A Colorado man will face attempted murder charges for allegedly swerving across several lanes of traffic in a busy section of Interstate 25 and striking a motorcyclist in what investigators are calling an act of road rage.

Alberto Mota, 39, turned himself into the Douglas County jail Wednesday night where he remains on suspicion of three counts of attempted first-degree murder, four counts of felony menacing, vehicular assault, violating a bail bond, child abuse, four counts of reckless endangerment and driving without a valid license. A judge on Thursday set his bond at $50,000.

“We feel very strongly we can prove in court that this was an intentional act,” Colorado State Patrol Maj. J.P. Burt said Thursday at a news conference.

The motorcyclist, 54-year-old Quentin Quidley, remained hospitalized Thursday after being seriously injured in the crash, Burt said. The charges stem from a 2 p.m. Aug. 16 crash when Mota drove his Ford truck across several lanes of traffic and struck Quidley, who was driving a motorcycle.

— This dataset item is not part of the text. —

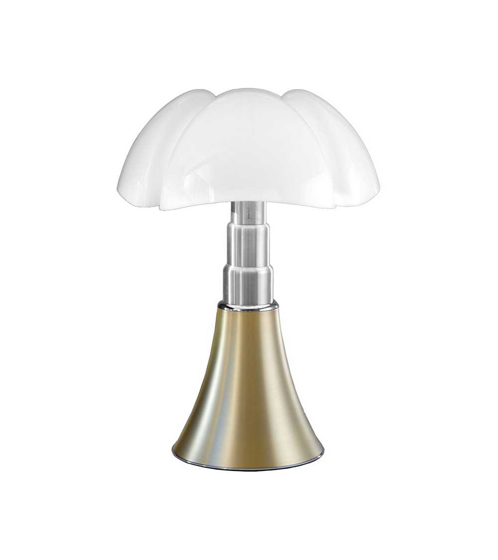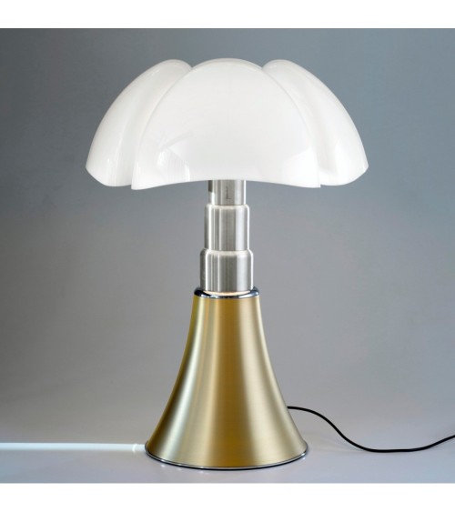 La lampe Pipistrello ou bien la lampe design qui vous fera parler italien ! Reine du design italien depuis plus de 50 ans, la lampe de sol Pipistrello est composée d'une base tulipée en métal, d'un bras en acier inoxydable brossé télescopique (66 à 86 cm) et d'un diffuseur en méthacrylate blanc opalin. Ce grand modèle est équipé de quatre ampoules LED fournies et son pied télescopique réglable lui fera prendre encore de la hauteur dans votre intérieur. Gae Aulenti, architecte et designer italienne de renommée mondiale, est la maman de l'emblématique lampe Pipistrello. Petit cours d'italien : cette lampe d'exception s'inspire de la silhouette onduleuse de la pipistrelle, une chauve-souris (Pipistrello en italien) ! Exposée dans les plus grands musées du monde, elle pourrait bientôt être exposée chez vous... Craquez pour elle et laissez sa douce lumière se diffuser dans votre intérieur. Noir*, Aluminium, Blanc, Laiton, Rouge ou Vert Agave, vous avez le choix de la couleur pour pimper votre intérieur ! Craquez également pour notre nouveau coloris exclusif aux notes d'été : Sable Doré. Une exclusivité développée par Martinelli Luce pour LightOnline, disponible sur les trois formats : Grande, Medium et Mini. *Noir (ou appellation d'origine Testa Di Moro) est un marron très foncé tirant vers le noir. Cette lampe est une authentique Pipistrello par Martinelli Luce. Elle sera livrée avec un certificat d'authenticité Martinelli Luce (cf. photos)Ampoules : 4x5,3W LED E14 (fournies) - 3000°K (couleur blanc chaud) - 470 Lumens (plus il y a de lumens, plus l'éclairage est puissant) - Durée de vie de l'ampoule : 25 000 heures

The crash occurred on I-25 near Castle Pines where the speed limit is 75 mph.

Mota spoke to investigators at the scene and told them he made an unsafe lane change and the crash was unintentional. But a crash re-creation, physical evidence and a video show that Mota’s initial story is unlikely, Burt said. Investigators would not elaborate further on what they think caused the altercation.

A driver who recorded the crash sent a video to Denver’s 9News, which then shared it with Colorado State Patrol. That video accelerated the investigation, Burt said, but it takes time to complete the in-depth crash analysis such a case requires. Investigators knew of Mota’s whereabouts during the two weeks it took to finish the investigation, he said.

Mota faces child abuse charges because his 12-year-old daughter was in the truck with him at the time of the crash, Burt said.

At the time of the crash, Mota was out on bond for a second-degree assault charge stemming from a 2018 incident. He previously pleaded guilty to a separate misdemeanor menacing charge in 2013.